Un vague souvenir traversa l'esprit d'Octave; on le questionnait encore, il ne répondait plus. «Te voilà soucieux! Est-ce que tu deviendrais amoureux de cette jeune mariée?—Non, dit-il, elle me rappelle seulement une femme que j'ai aimée au clair de lune. Après cela, il y a tant de femmes au Bois qui se ressemblent.»

Tout Paris parla avec quelque surprise du mariage inattendu de Monjoyeux. «Que va-t-il faire de sa femme?—Il va l'aimer, puisqu'elle est si belle.—On dit qu'elle n'est pas riche.—Il y a peut-être une comédienne sous Roche.—Il rentrera sans doute au théâtre.—Qui sait si la femme n'a pas un million dans le gosier, comme la Patti!—Ou un éventail de sociétaire de la Comédie-Française, comme Croizette.»

On comprend bien qu'une aussi grave nouvelle fut imprimée jusque dans les grands journaux, où un jour on lut cette lettre de Monjoyeux:

«Monsieur le rédacteur,

«On annonce ma rentrée au théâtre; que mes amis ne reprennent pas encore leurs sifflets; avant d'être comédien, j'étais sculpteur, j'ai ressaisi mon ciseau et je pars pour Rome.

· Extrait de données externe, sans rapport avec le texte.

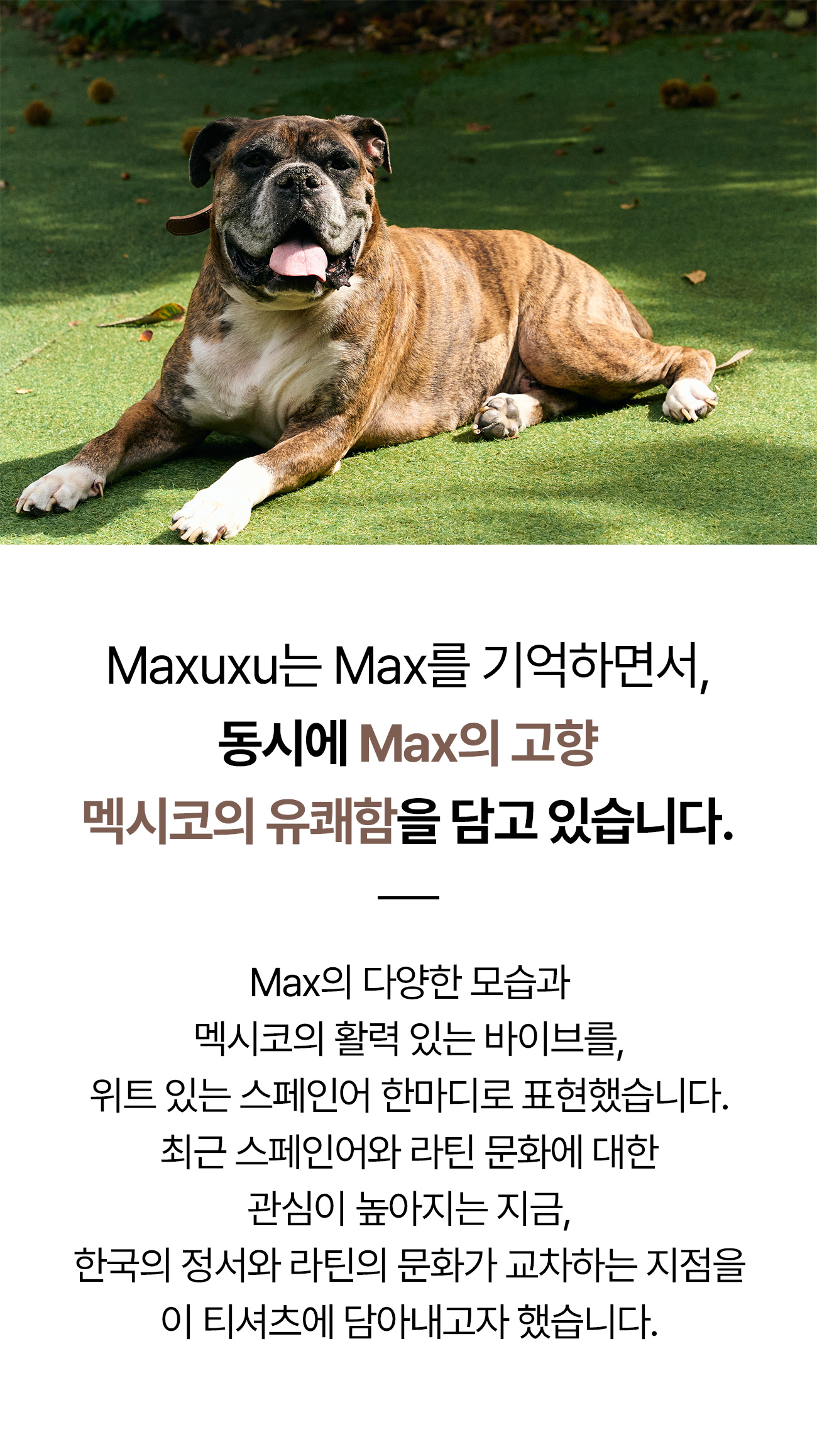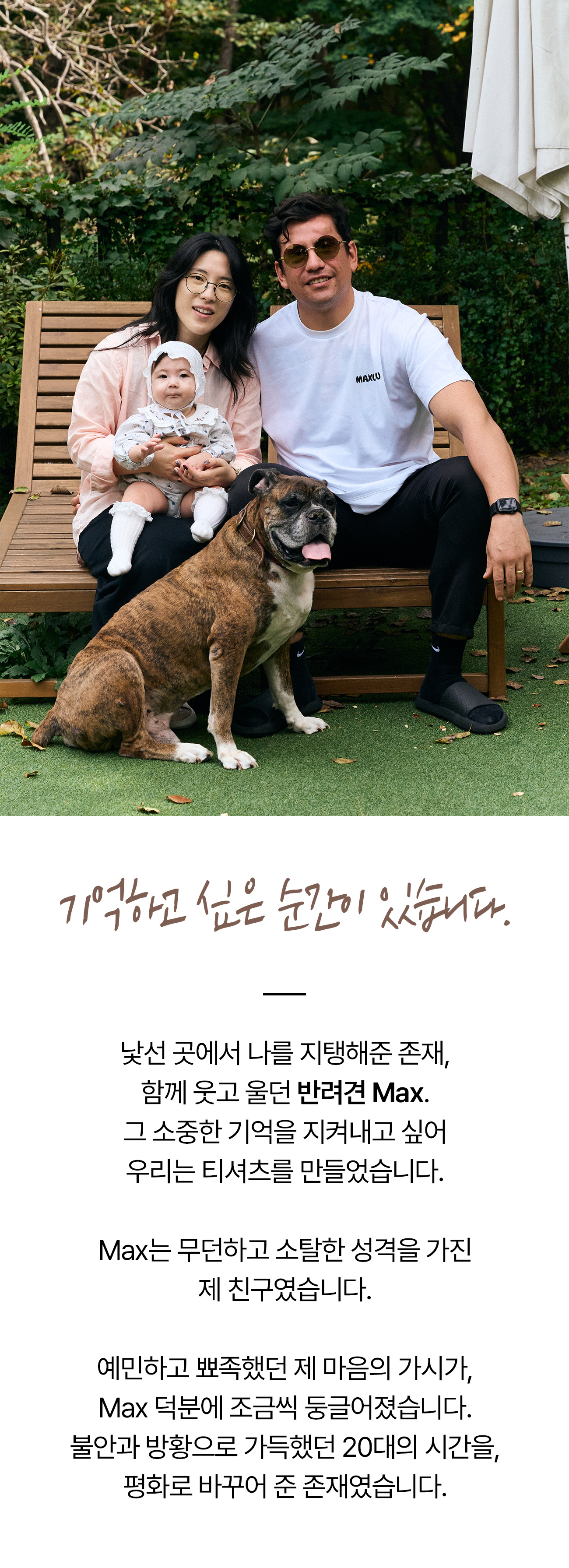 특별한 반려견을 기억하기 위해 MAXUXU 티셔츠를 제작하게 된 루에세라입니다.요즘은 반려견 없이 사는 사람들보다 반려견과 함께 더불어 사는 사람들이 더 많은 것 같아요.

S'il n'y a plus de marbre en Italie, j'irai sculpter les neiges de la Russie.»

«Agréez mes adieux éternels, car je n'emporte pas ma patrie à la semelle de mes souliers.

«MONJOYEUX.»

On commenta cette lettre. C'était bien le style connu de Monjoyeux; il avait sa manière d'écrire comme il avait sa manière de parler. Le lendemain il n'en fut plus question: Monjoyeux disparut de l'horizon parisien.